A nap in the afternoon is good for you if you don't sleep enough at night. The Spanish Society of Primary Care Physicians says that a siesta reduces stress and improves memory, alertness, and cardiovascular performance. It's said that naps should last around 25 minutes to have the optimal benefit. Yet, Spain is moving toward working fewer hours and eliminating the siesta time so there is concern that Spaniards will not give up their late-night lifestyle. 

Sleeping To Stay Up Later

Another reason why the Spanish have traditionally stopped for siesta is not so much out of need but out of want. One reason that the Spanish continue to want the traditional lunchtime break is that it allows them to stay up later in the evening without fading. The nightlife of Spain may have caused (or maintained) the country's siesta culture, but it is the siesta that allows the late night partying lifestyle to continue, and many Spaniards don't want that to change.

The sun stays out much later in Spain than in most other European countries, thus encouraging later eating and partying. Spanish nightlife is an all-night affair. The streets start to fill up at midnight and Spanish people stay out beyond 3 a.m., which would be difficult without a siesta.

The Gradual End of the Siesta

The traditional siesta has been dying for a while now. A higher pressure modern job market means that many people are unwilling or unable to take long breaks, and air conditioning has helped them to work through the hottest part of the day.

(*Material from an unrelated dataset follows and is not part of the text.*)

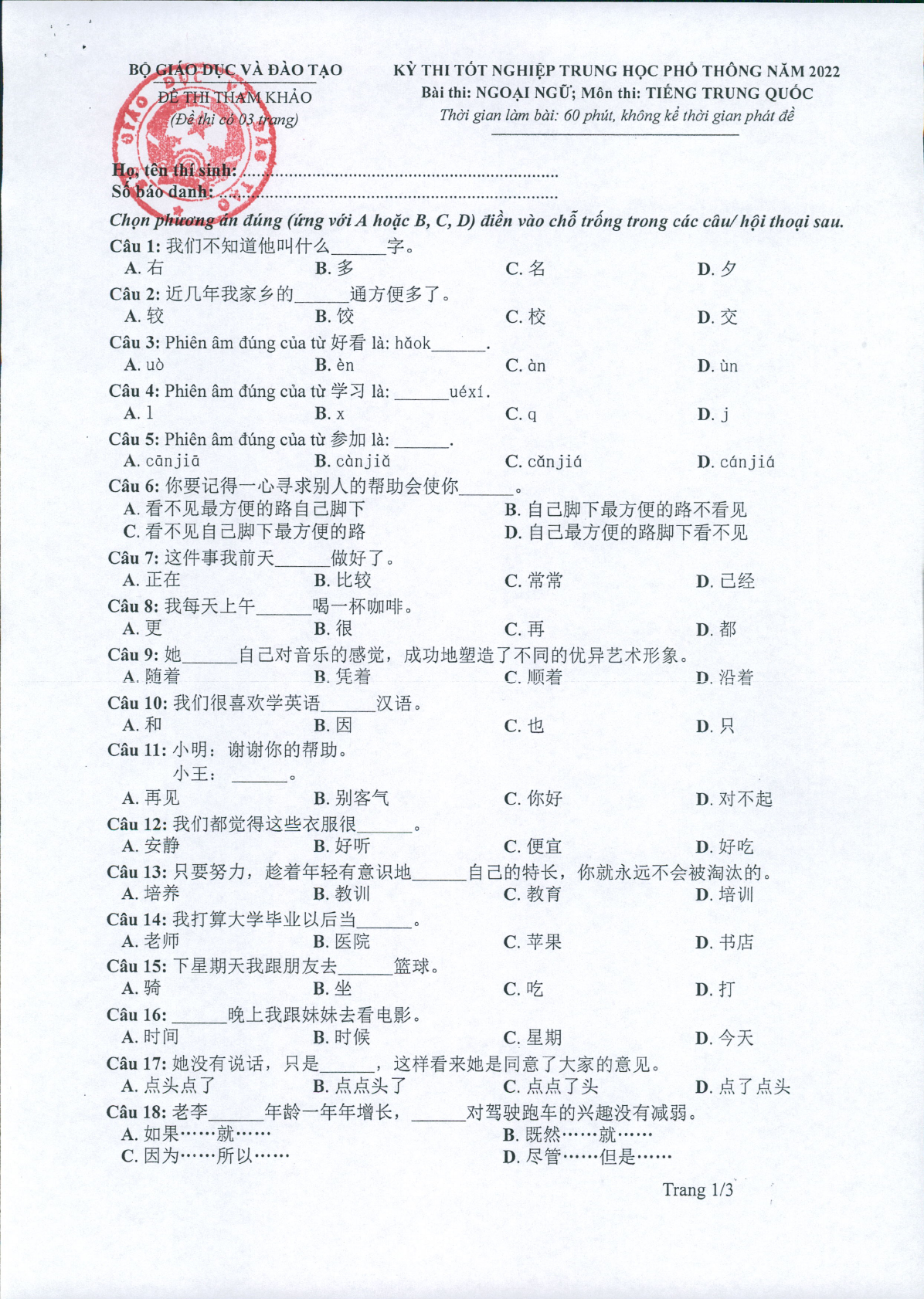 Đề minh họa 2022 môn Tiếng Trung
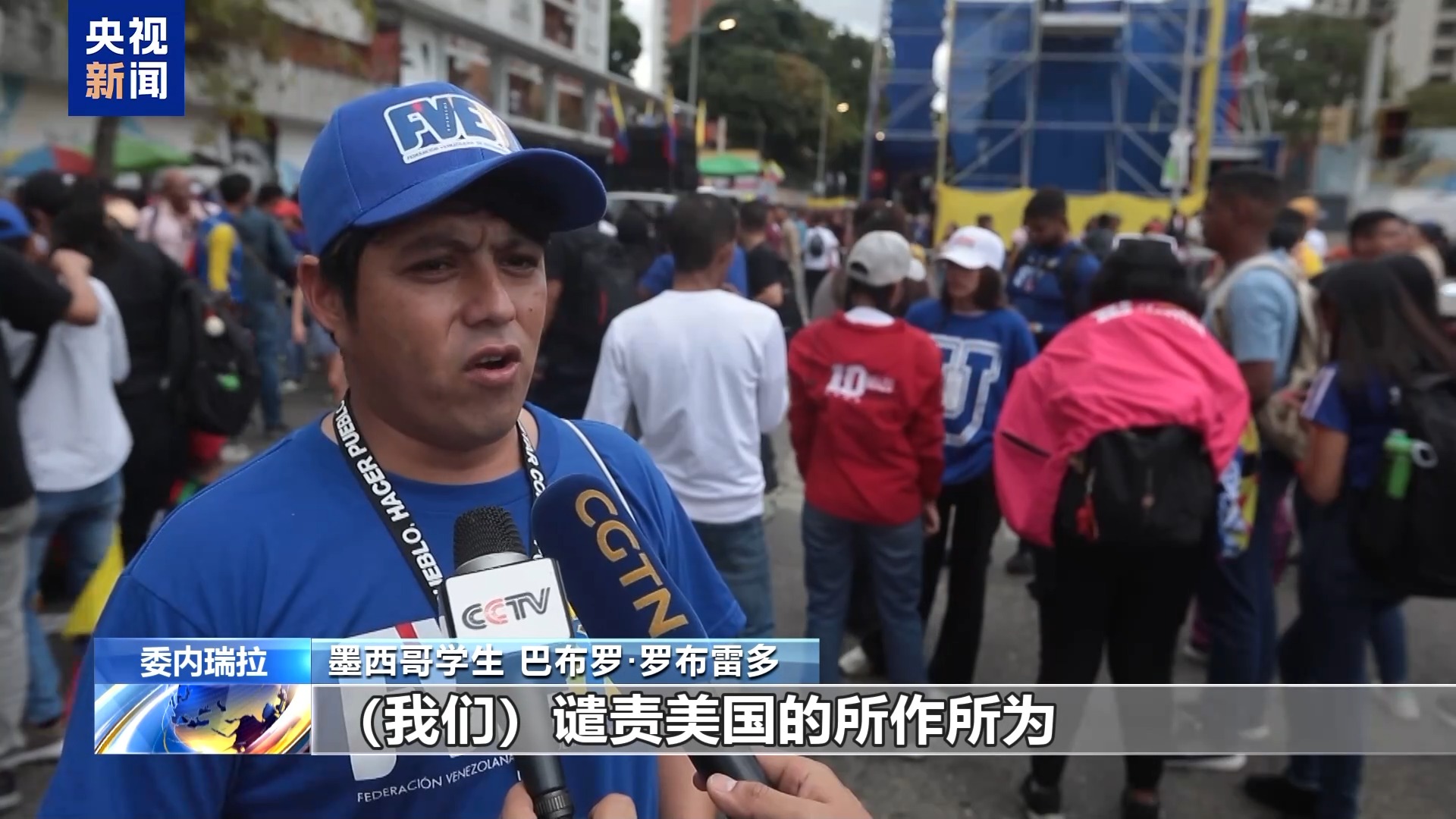 墨西哥学生 巴布罗·罗布雷多:(我们)谴责美国的所作所为,也包括对墨西哥的所作所为。他们也在威胁我们(墨西哥),我们全力支持委内瑞拉人民。我认为帝国主义是这样运作的,不断发出威胁。但他们会遇到强大、坚韧的人民,绝不会让他们得逞。

The gradual disappearance of the siesta has not changed the late-night lifestyle, which means the Spanish sleep an average of one hour less per day than other European countries.

Even before the law changes and economic pressures, the siesta would be observed in Madrid and Barcelona much less than in Granada or Salamanca. Big supermarkets and department stores in much of the country stay open during the siesta. In winter, when the heat isn't stifling, this can be a good time to go shopping as some Spaniards will still stay away.